SUPPLIED DATA Start Marker

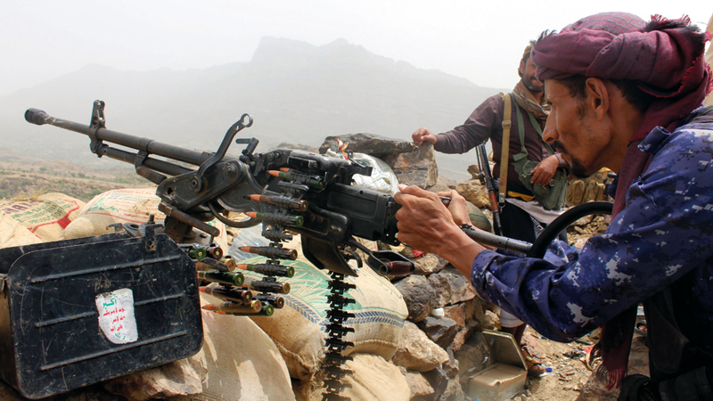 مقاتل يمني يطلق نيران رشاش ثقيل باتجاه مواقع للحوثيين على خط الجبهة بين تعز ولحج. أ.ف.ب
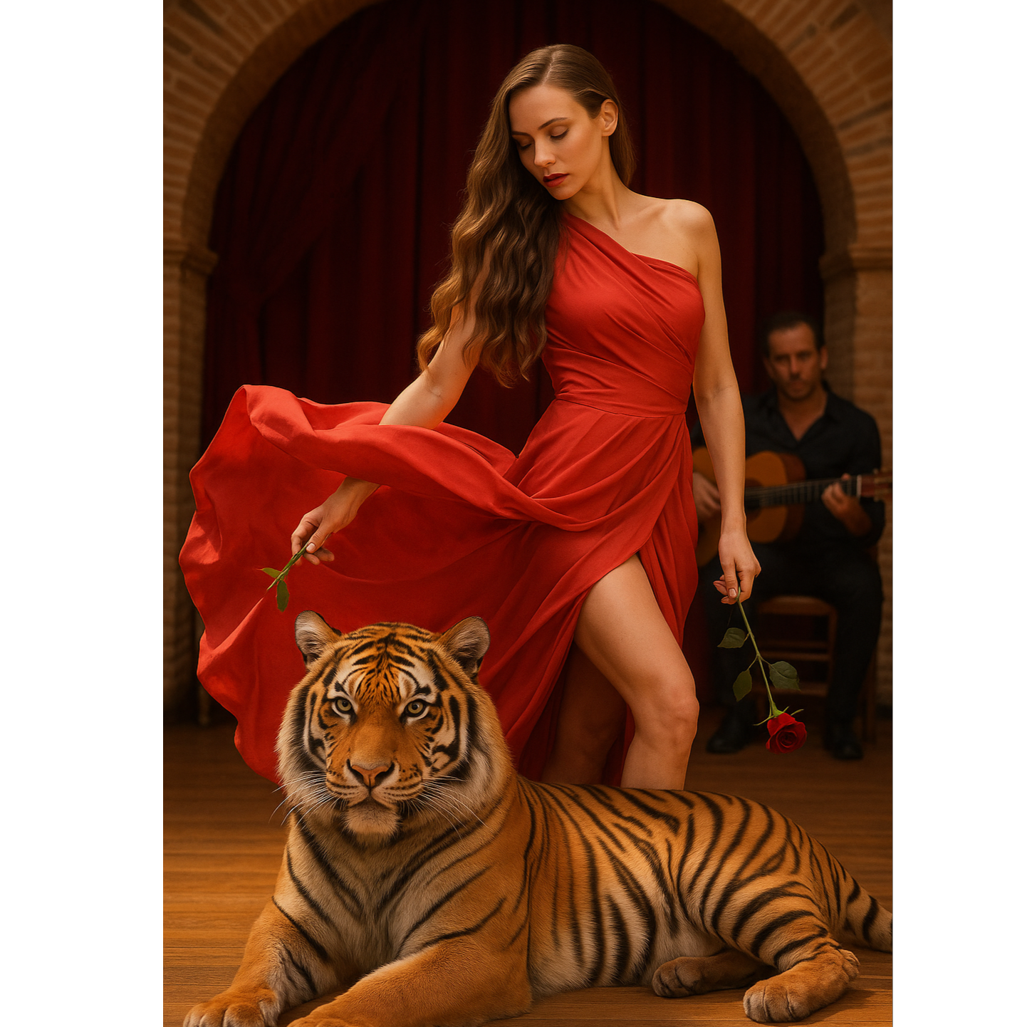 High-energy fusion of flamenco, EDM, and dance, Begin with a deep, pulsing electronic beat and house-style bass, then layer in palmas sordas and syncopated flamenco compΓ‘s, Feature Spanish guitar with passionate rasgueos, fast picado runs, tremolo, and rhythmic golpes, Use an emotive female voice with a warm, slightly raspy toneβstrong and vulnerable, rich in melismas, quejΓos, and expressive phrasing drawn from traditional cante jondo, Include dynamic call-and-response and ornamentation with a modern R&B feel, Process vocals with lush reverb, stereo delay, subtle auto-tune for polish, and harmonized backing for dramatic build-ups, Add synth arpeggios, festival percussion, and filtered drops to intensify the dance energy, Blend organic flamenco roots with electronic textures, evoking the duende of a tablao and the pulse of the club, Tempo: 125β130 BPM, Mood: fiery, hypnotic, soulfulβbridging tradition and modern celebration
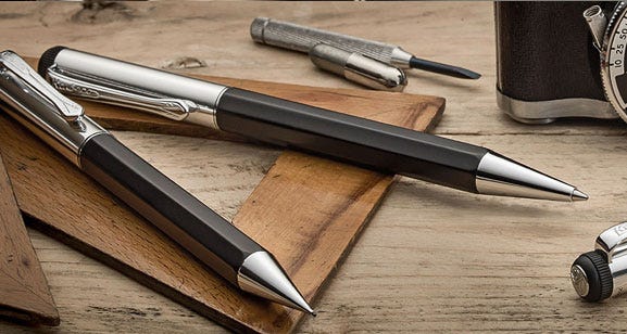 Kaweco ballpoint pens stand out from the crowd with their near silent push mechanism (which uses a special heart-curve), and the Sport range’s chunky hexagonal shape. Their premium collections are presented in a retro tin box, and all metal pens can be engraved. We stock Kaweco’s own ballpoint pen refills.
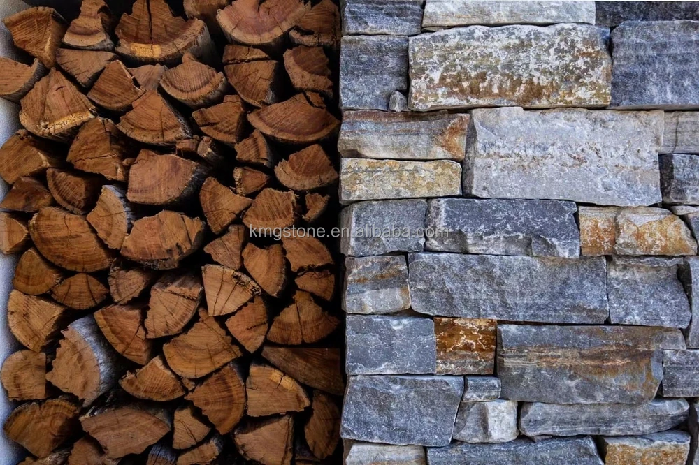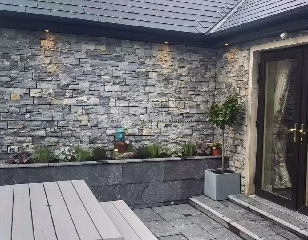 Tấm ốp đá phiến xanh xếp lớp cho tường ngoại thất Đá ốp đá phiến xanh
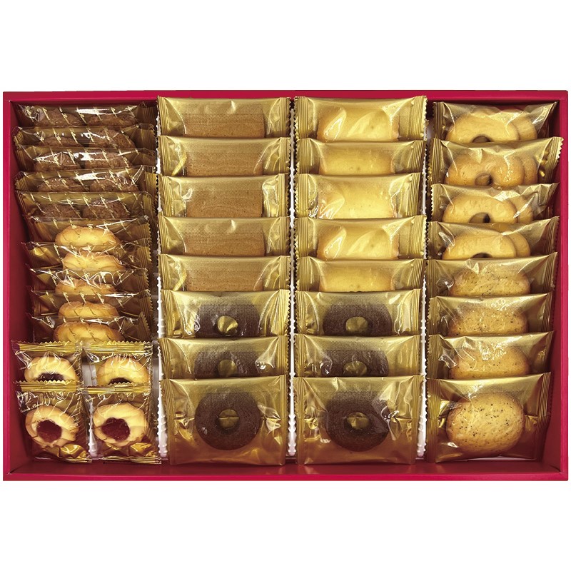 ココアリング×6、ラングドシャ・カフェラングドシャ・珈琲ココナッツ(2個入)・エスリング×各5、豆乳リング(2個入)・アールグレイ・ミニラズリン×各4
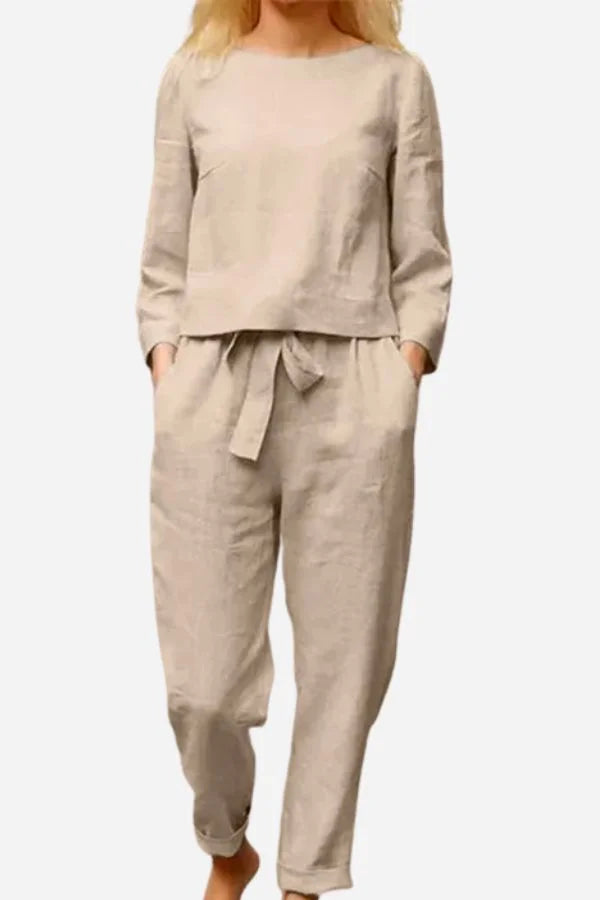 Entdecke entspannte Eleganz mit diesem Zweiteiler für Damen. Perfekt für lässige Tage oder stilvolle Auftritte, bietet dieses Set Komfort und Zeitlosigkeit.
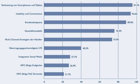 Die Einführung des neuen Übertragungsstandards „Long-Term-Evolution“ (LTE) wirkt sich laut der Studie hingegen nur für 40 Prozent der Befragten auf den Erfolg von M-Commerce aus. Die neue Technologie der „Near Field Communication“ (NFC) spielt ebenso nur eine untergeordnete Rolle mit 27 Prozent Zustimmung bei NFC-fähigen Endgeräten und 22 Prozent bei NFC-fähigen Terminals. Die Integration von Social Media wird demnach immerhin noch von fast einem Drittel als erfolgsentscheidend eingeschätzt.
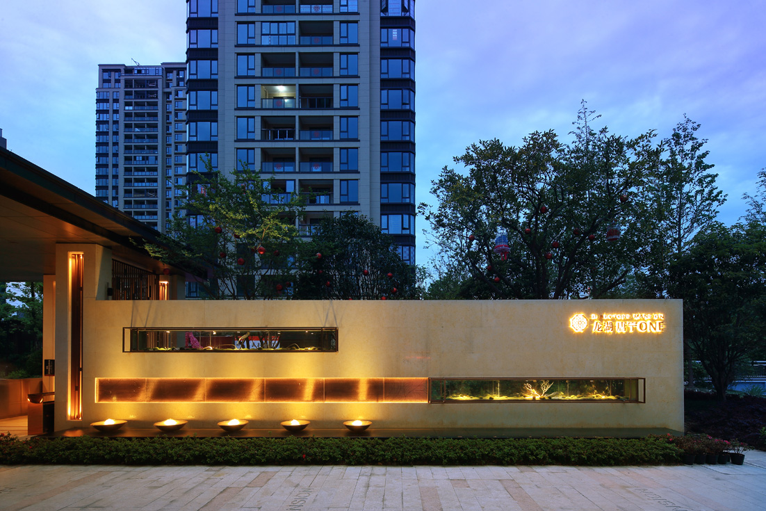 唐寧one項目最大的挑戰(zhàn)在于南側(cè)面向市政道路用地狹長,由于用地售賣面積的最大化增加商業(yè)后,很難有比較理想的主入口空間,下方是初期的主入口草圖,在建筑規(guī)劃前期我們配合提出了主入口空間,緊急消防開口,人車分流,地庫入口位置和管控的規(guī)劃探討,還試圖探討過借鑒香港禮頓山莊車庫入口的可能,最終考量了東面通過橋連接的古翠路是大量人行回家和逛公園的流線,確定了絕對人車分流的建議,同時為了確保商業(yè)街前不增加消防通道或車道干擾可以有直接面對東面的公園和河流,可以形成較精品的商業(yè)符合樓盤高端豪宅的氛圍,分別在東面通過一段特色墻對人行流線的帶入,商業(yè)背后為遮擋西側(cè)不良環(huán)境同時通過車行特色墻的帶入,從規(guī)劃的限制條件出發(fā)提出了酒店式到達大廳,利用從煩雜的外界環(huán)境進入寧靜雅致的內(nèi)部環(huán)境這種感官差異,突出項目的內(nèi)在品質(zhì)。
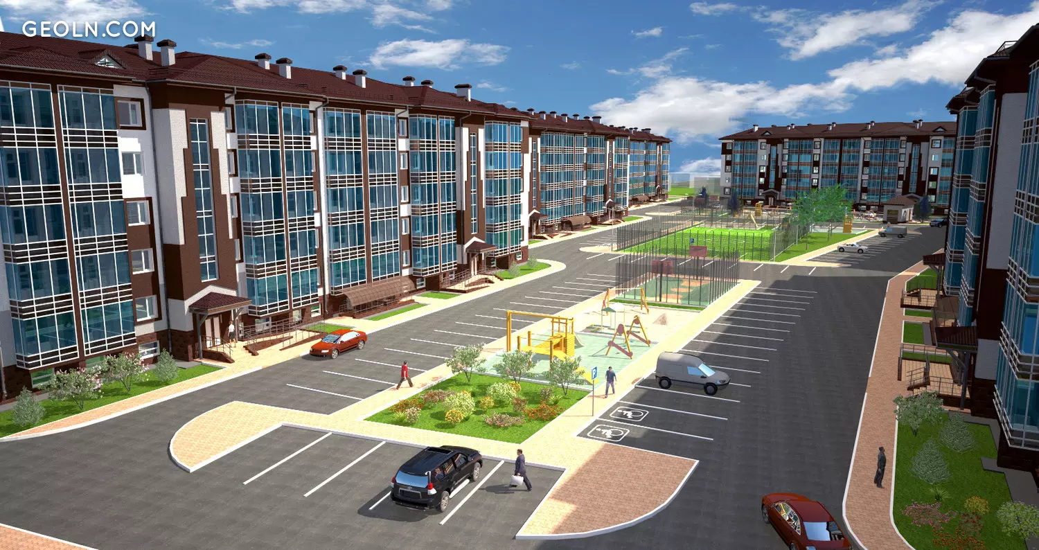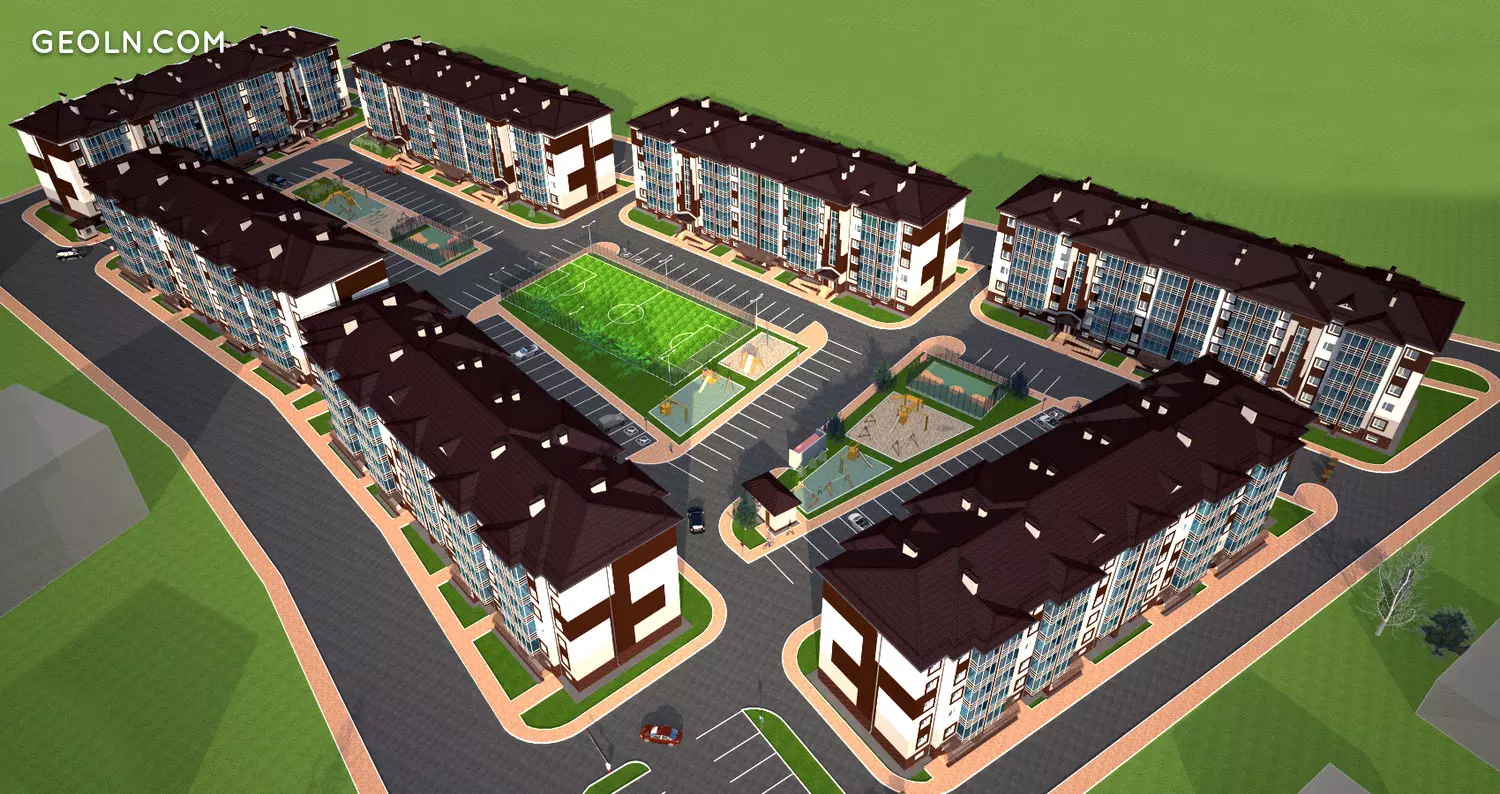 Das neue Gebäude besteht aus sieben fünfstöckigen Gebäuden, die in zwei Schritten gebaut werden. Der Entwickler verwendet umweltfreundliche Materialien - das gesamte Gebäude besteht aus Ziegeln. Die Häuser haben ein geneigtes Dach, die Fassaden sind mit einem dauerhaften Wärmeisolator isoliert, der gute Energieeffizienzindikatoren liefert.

SUPPLIED DATA End Marker

**GOAL OF THE EXERCISE:** Return each of the lines exactly as they appear above, with no images.

**SOLUTION:**
 مقاتل يمني يطلق نيران رشاش ثقيل باتجاه مواقع للحوثيين على خط الجبهة بين تعز ولحج. أ.ف.ب
 High-energy fusion of flamenco, EDM, and dance, Begin with a deep, pulsing electronic beat and house-style bass, then layer in palmas sordas and syncopated flamenco compΓ‘s, Feature Spanish guitar with passionate rasgueos, fast picado runs, tremolo, and rhythmic golpes, Use an emotive female voice with a warm, slightly raspy toneβstrong and vulnerable, rich in melismas, quejΓos, and expressive phrasing drawn from traditional cante jondo, Include dynamic call-and-response and ornamentation with a modern R&B feel, Process vocals with lush reverb, stereo delay, subtle auto-tune for polish, and harmonized backing for dramatic build-ups, Add synth arpeggios, festival percussion, and filtered drops to intensify the dance energy, Blend organic flamenco roots with electronic textures, evoking the duende of a tablao and the pulse of the club, Tempo: 125β130 BPM, Mood: fiery, hypnotic, soulfulβbridging tradition and modern celebration
 Kaweco ballpoint pens stand out from the crowd with their near silent push mechanism (which uses a special heart-curve), and the Sport range’s chunky hexagonal shape. Their premium collections are presented in a retro tin box, and all metal pens can be engraved. We stock Kaweco’s own ballpoint pen refills.
 Tấm ốp đá phiến xanh xếp lớp cho tường ngoại thất Đá ốp đá phiến xanh
 ココアリング×6、ラングドシャ・カフェラングドシャ・珈琲ココナッツ(2個入)・エスリング×各5、豆乳リング(2個入)・アールグレイ・ミニラズリン×各4
 Entdecke entspannte Eleganz mit diesem Zweiteiler für Damen. Perfekt für lässige Tage oder stilvolle Auftritte, bietet dieses Set Komfort und Zeitlosigkeit.
 Die Einführung des neuen Übertragungsstandards „Long-Term-Evolution“ (LTE) wirkt sich laut der Studie hingegen nur für 40 Prozent der Befragten auf den Erfolg von M-Commerce aus. Die neue Technologie der „Near Field Communication“ (NFC) spielt ebenso nur eine untergeordnete Rolle mit 27 Prozent Zustimmung bei NFC-fähigen Endgeräten und 22 Prozent bei NFC-fähigen Terminals. Die Integration von Social Media wird demnach immerhin noch von fast einem Drittel als erfolgsentscheidend eingeschätzt.
 唐寧one項目最大的挑戰(zhàn)在于南側(cè)面向市政道路用地狹長,由于用地售賣面積的最大化增加商業(yè)后,很難有比較理想的主入口空間,下方是初期的主入口草圖,在建筑規(guī)劃前期我們配合提出了主入口空間,緊急消防開口,人車分流,地庫入口位置和管控的規(guī)劃探討,還試圖探討過借鑒香港禮頓山莊車庫入口的可能,最終考量了東面通過橋連接的古翠路是大量人行回家和逛公園的流線,確定了絕對人車分流的建議,同時為了確保商業(yè)街前不增加消防通道或車道干擾可以有直接面對東面的公園和河流,可以形成較精品的商業(yè)符合樓盤高端豪宅的氛圍,分別在東面通過一段特色墻對人行流線的帶入,商業(yè)背后為遮擋西側(cè)不良環(huán)境同時通過車行特色墻的帶入,從規(guī)劃的限制條件出發(fā)提出了酒店式到達大廳,利用從煩雜的外界環(huán)境進入寧靜雅致的內(nèi)部環(huán)境這種感官差異,突出項目的內(nèi)在品質(zhì)。
 Das neue Gebäude besteht aus sieben fünfstöckigen Gebäuden, die in zwei Schritten gebaut werden. Der Entwickler verwendet umweltfreundliche Materialien - das gesamte Gebäude besteht aus Ziegeln. Die Häuser haben ein geneigtes Dach, die Fassaden sind mit einem dauerhaften Wärmeisolator isoliert, der gute Energieeffizienzindikatoren liefert.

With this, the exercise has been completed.